Why does Selma track if investments are cheap or expensive?
Selma automatically detects whether the investment products in your mix are cheap or expensive for two reasons:
- to lower the risk you’re taking
- to take opportunities in markets that are currently at an attractive value
How often does Selma measure over- and undervaluations:
Selma checks the valuations of all major stock markets globally at least once a quarter, so when companies release their latest earnings figures. If this creates the need for changes in the investment mix of the portfolios, they will be done automatically.
What does Selma measure:
- The daily prices of the stock markets
- The profits created by companies and how they have been growing in the past
- The interest rates that companies currently pay and what interest rates they paid in the past.
How Selma checks if something is cheap or expensive (in detail)
An out-of-the-box example
Imagine you’re buying strawberries at the market.
Assume the usual price for one kilogram of 🍓 is CHF 5.00.
When you are shopping for your weekly 🍰 you would include more strawberries when they cost CHF 3.00 and less when they cost CHF 7.00. Eventually if they cost CHF 10.00 you probably wouldn’t include any strawberries.
In a similar way Selma approaches the stock market 📈
Selma checks the price you need to pay for investment products that give you access to stock markets. To know if the prices are fairly valued, Selma sets them in comparison to the profits generated by the companies included. In that way, Selma calculates how much you are paying for every dollar of company profits generated.
If the “normal price” is 20x the yearly profits the companies earn, the price would be cheap when you can invest at a price 10x the company profits. However, when the price is 30x the annual profits, it is expensive. As profits in companies can vary quite a lot from year to year, because of special effects and how the economy is doing, Selma compares the average profits of the last ten years to the current price of the investment product, instead of just using last year's profits.
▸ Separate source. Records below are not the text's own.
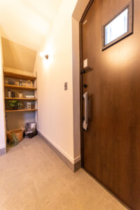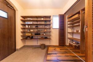 玄関は、家に入った瞬間にほっとするぬくもり空間。無垢材の床と塗り壁がやさしい印象をつくり、可動棚やクローゼットで収納力も抜群です。土間スペースも広めで、ベビーカーやアウトドア用品もすっきり片付きます。
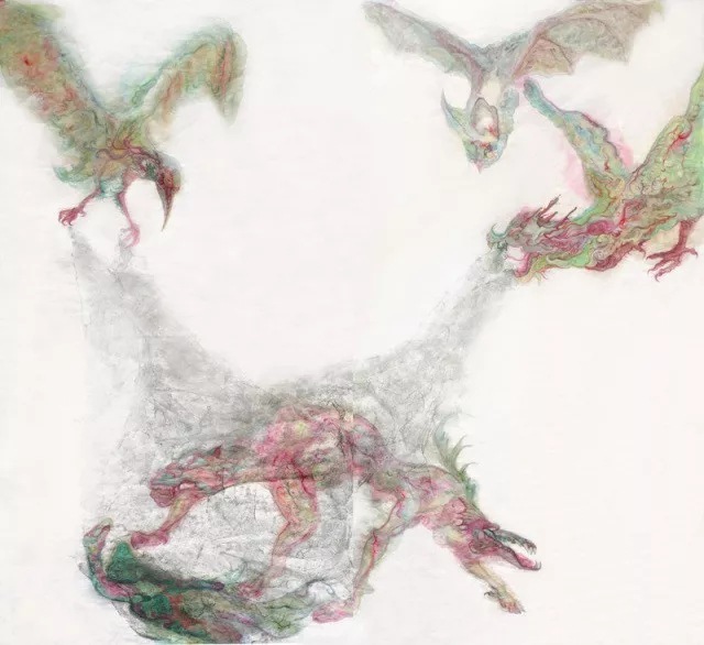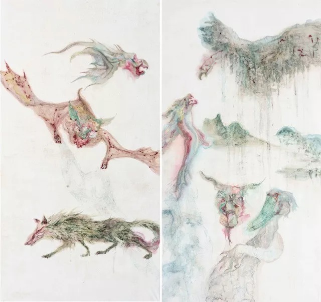 王艾茵畢業于中央美術學院國畫系,來云南工作已經十多年了,在她的作品中,精靈古怪的各種生物像夢魘一樣纏繞著人,它們有或明或暗的出處,有些來自古傳說《山海經》,有些來自歷代神話故事,有些純粹出于她自己的想象。這個日常中溫言細語的女子,用自己的畫筆創造了一個迴異于其它的瘋狂世界,在這個世界中,這些奇詭的生物無一不帶著殘酷的表情和鮮艷刺目的色彩,它們莫名其妙的存在也是她內心情緒的一種宣泄。而傳統花鳥畫的技法和表現內容也在她這兒有了新的闡釋。
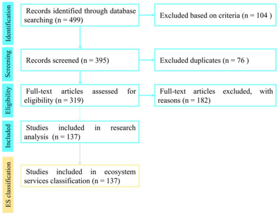 In some cases [1,2,13], it was a review that was not originally detected by the Scopus database. In the case of debatable articles, we performed a cross-check reading. Finally, 138 studies were retained for detailed reading, analysis of the data, and classification of ecosystem services.
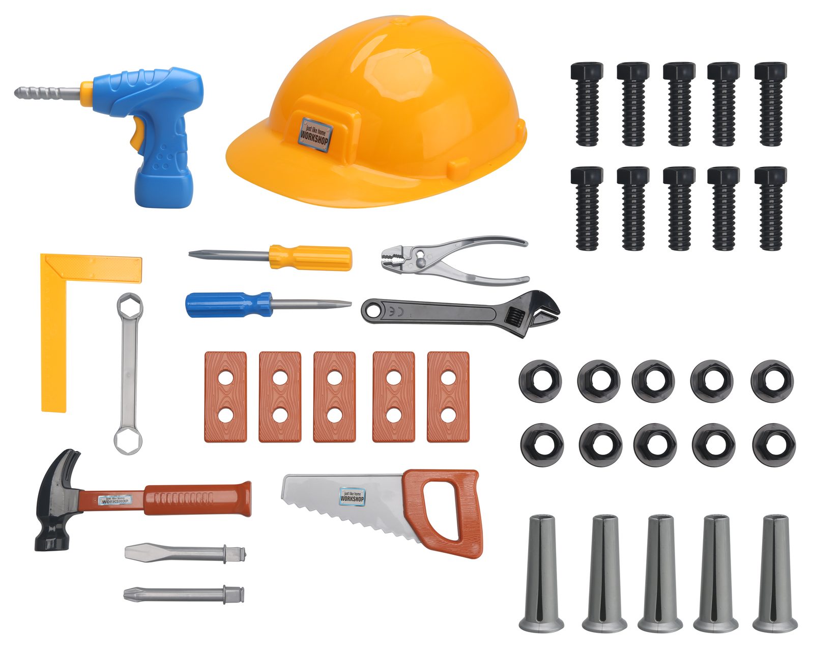 Sada pro malého opraváře obsahuje: helmu, vrtačku, šroubky a další příslušenství.
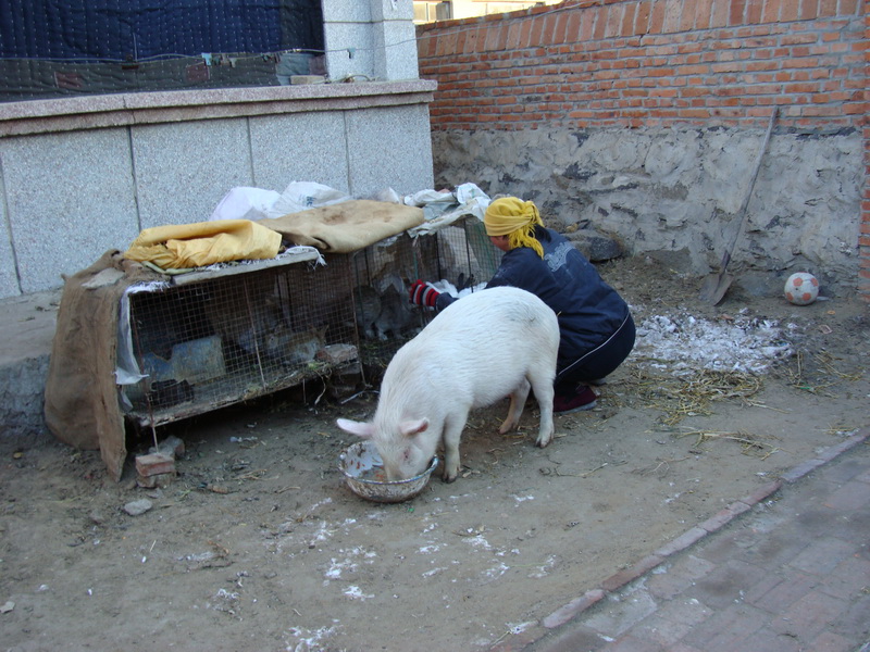 我家前年买了一只小猪,我天天都要给他们吃三次饭,它吃完就舒舒服服的躺在墙角睡大觉。有一次,我把一大堆叶菜和西瓜皮丢了进去,它就慢慢的走了进来,用鼻子闻了闻,然后大口大口的吃着,晚上,我拿着灯去看了看它们,我看见他俩在它们的小房间呼呼的睡着。

Selma does not evaluate the price of every single company in the index, but rather takes a broader perspective on the entire market, e.g. on the Swiss market, European market, US market, etc…
When everything is expensive: going into precious metals 🪙
Sometimes all major stock market indices can be very expensively valued. Then, Selma invests less into all of them, and puts the remaining money into precious metals (gold and silver). You can think of this as a safety valve, that should add some protection to your portfolio against a major worldwide stock market correction.
Selma portfolios always include at least a 5% share in precious metals, as a protection against market crises and inflation. This share can be scaled up to 25%, in case all stock markets are too expensive according to the Shiller CAPE Ratio.